**Aim of the exercise:**
With the line containing "Elindult községünkben a" as the start and the line containing "Pièce uniqueCe bougeoir" as the end, transcribe that span of the entries below exactly, including both.

**Stored data:**

§

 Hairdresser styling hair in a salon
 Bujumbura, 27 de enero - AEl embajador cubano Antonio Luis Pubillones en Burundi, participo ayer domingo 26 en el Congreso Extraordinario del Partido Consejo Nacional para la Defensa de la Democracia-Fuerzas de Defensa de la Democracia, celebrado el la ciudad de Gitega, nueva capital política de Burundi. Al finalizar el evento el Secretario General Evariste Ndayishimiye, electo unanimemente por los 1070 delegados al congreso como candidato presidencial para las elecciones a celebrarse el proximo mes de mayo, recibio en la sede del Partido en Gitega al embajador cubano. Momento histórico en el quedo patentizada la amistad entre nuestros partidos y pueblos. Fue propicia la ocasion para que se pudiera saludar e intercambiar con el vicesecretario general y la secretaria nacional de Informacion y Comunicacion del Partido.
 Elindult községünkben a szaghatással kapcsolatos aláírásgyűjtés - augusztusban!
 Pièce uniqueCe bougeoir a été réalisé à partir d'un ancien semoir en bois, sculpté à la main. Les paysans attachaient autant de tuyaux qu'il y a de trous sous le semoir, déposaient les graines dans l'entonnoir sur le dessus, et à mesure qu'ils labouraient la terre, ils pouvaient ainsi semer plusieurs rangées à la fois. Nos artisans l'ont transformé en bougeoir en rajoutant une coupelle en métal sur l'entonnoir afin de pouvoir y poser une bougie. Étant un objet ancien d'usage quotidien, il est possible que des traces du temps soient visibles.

§

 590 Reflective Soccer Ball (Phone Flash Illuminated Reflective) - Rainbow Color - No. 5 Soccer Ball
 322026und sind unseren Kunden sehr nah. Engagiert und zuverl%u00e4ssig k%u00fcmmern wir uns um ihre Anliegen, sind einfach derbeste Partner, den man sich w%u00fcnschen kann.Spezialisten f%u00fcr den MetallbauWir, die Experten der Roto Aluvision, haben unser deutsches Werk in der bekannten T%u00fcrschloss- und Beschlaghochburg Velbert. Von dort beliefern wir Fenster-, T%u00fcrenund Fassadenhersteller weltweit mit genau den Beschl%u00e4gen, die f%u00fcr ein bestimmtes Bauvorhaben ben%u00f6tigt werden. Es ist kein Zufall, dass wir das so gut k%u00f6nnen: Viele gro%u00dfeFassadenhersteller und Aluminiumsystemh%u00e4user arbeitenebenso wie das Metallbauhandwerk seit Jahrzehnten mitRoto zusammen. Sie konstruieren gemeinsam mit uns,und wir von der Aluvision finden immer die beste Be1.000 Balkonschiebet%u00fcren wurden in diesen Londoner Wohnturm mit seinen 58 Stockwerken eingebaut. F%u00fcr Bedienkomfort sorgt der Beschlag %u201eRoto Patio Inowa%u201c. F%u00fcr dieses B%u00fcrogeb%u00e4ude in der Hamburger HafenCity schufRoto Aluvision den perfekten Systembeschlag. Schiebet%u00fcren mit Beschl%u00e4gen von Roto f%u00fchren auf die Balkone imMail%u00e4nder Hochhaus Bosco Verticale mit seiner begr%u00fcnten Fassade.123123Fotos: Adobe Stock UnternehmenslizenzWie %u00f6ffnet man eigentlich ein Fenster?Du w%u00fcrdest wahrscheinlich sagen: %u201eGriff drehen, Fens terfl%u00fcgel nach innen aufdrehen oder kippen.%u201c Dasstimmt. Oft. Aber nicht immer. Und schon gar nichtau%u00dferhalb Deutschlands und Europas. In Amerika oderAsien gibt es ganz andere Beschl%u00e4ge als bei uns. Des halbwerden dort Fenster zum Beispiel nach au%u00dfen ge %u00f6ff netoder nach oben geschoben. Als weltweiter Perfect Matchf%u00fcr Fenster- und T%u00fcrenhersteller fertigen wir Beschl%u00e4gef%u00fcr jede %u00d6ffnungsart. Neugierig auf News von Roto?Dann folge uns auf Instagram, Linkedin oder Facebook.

§

**Exercise output:**
 Elindult községünkben a szaghatással kapcsolatos aláírásgyűjtés - augusztusban!
 Pièce uniqueCe bougeoir a été réalisé à partir d'un ancien semoir en bois, sculpté à la main. Les paysans attachaient autant de tuyaux qu'il y a de trous sous le semoir, déposaient les graines dans l'entonnoir sur le dessus, et à mesure qu'ils labouraient la terre, ils pouvaient ainsi semer plusieurs rangées à la fois. Nos artisans l'ont transformé en bougeoir en rajoutant une coupelle en métal sur l'entonnoir afin de pouvoir y poser une bougie. Étant un objet ancien d'usage quotidien, il est possible que des traces du temps soient visibles.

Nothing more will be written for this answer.